Blowing this up may cause the families to take sides, leading to more stress/strain, hurt feelings for your kids.

The duplicity of people in the 'professional parenting business' destroying two families over an affair *is* pretty sickening, though.

Have you considered getting your ducks in a row, getting the info to OM's wife and letting HER blow the affair up?


----------



## treyvion (Apr 29, 2013)

F her couch said:


> And all my proof is from a hired PI. It took him a whopping 2 days to get video evidence of in house banging.

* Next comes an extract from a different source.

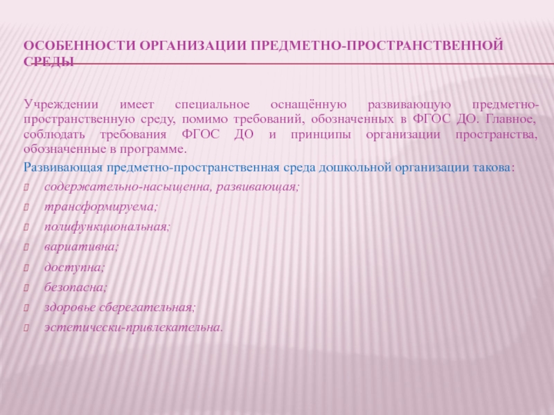 Слайд 20Особенности организации предметно-пространственной среды

Evidence of OM banging or evidence of OM entering the residence?
_Posted via Mobile Device_


----------



## Prodigal (Feb 5, 2011)

Betrayal on this level is difficult to bear. Couch, have you considered moving this thread to the Coping with Infidelity forum? Folks there have, unfortunately, a lot of experience dealing with this.

I understand your desire to take your wife and the OM down, given the blatant lies she has fed you. She is a classic cake eater. Forget getting her a new dwelling. Take care of your kids. Make sure she gets the bare bones minimum the law dictates and protect your assets.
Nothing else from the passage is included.